There is an absence of significant commitments on resource mobilisation to halt biodiversity loss and to restore nature; implementation mechanisms and benefit-sharing from the use of digital sequence information (DSI) on genetic resources, she confirmed.

This relates to access to, and the fair and equitable sharing of, the benefits arising from genetic resources. The EU has called for legal certainty and clarity, while generating more benefits than costs.

It is emerging as a make-or-break issue and is a space where business and commercial interests are prominent, notably around control, access and wealth sharing from genetic data, ie breakthroughs in modern medicine, technology and food.

A new version of the global biodiversity framework text will be issued in the coming days. Countries including the EU members, US, Australia, Japan and Mexico want tougher rules, while 20 countries that harbour 70 per cent of the Earth’s biodiverse areas including Brazil, India, China, Indonesia and the Democratic Republic of Congo say finance flows must match targets, warning that a proposal for an annual $10 billion is “far from adequate”.

It is understood progress on protecting land is being made, compared to protecting the sea and oceans in a difficult scenario where marine protected areas are scarce.

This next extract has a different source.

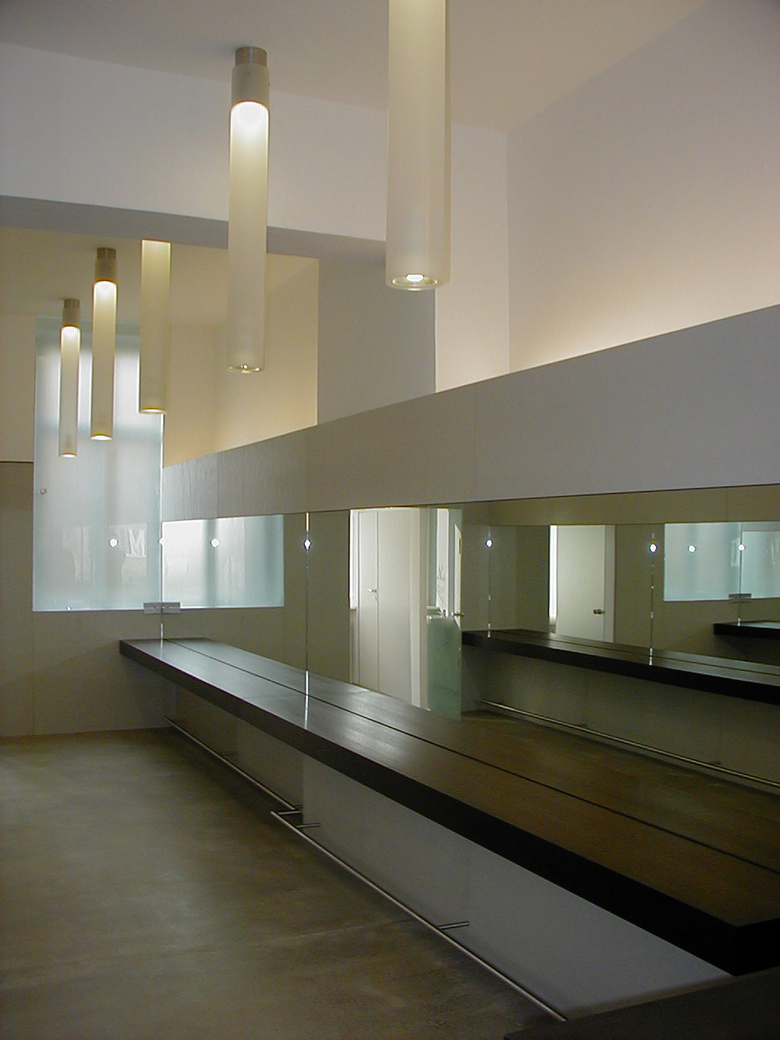 Neuer Auftritt für eine stadtbekannte Institution. Die Reduktion auf Unverzichtbares und Präzision im Detail entsprechen der formalen Sprache des Bauherrn. Beton an Böden und Wänden, kombiniert mit schlichten Einbauten aus Wengenholz. Exklusives Produktdesign der Architekten für Becken und Leuchten unterstreichen Individualität und den hohen gestalterischen Anspruch des Kunden.

On a more positive note, the International Union for Conservation of Nature (IUCN) on Sunday published its first “restoration barometer report”, documenting investments of $26bn from public and private sources across 18 countries restoring 14 million hectares of degraded landscapes – an area the size of Greece.

A delegate walks by a sign at Cop15. Photograph: Andrej Ivanov/AFP via Getty Images

The report details how the countries are using the restoration barometer tool to track progress on their restoration commitments under global agreements, which total 48 million hectares by 2030. Through restoration, 12 million jobs were created and over 145 million tonnes of carbon were sequestered in 2022, it concludes.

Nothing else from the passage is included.